Personal Debt and High Interest LendingApril 19th, 2015
Thank you for contacting me recently regarding personal debt and high interest loans.
I agree we need to promote more sustainable forms of personal lending such as credit unions and to provide greater support and advice for people facing debt problems.
The alarming growth we have seen in the high-interest loan market is further evidence of the current Government’s failure to tackle the cost of living crisis or to build an economy that works for working people. Working people are on average £1,600 worse off under the Tories – this is the first Parliament since the 1920s where living standards have got worse.
A Labour Government will tackle the scourge of household debt by introducing a new levy on payday lenders, using the funds raised to boost low-cost alternatives like credit unions. Labour will also give local authorities the power to restrict the number of payday lenders or other shops that are clustering on a single high street.

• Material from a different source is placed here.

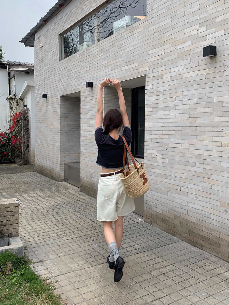 爆款纯棉短款小个子夏季新款修身V领刺绣短袖t恤女别致小众设计感

We will make work pay by increasing the National Minimum Wage to over £8 an hour by October 2019, and introducing a lower 10p starting rate of tax. We will promote the living wage with tax breaks for those companies that sign up to become living wage employers, requiring listed companies to report on whether they pay a living wage, and tackle insecurity at work by banning exploitative zero-hours contracts.
I know how strongly many local people feel about this issue and that organisations such as Step Change have helped highlight the need for much greater action to prevent personal debt and improve debt advice services. I believe we need a Labour Government to address this and to build an economy where people are not drawn into the arms of high-interest lenders.
Thank you once again for writing to me and for sharing your views.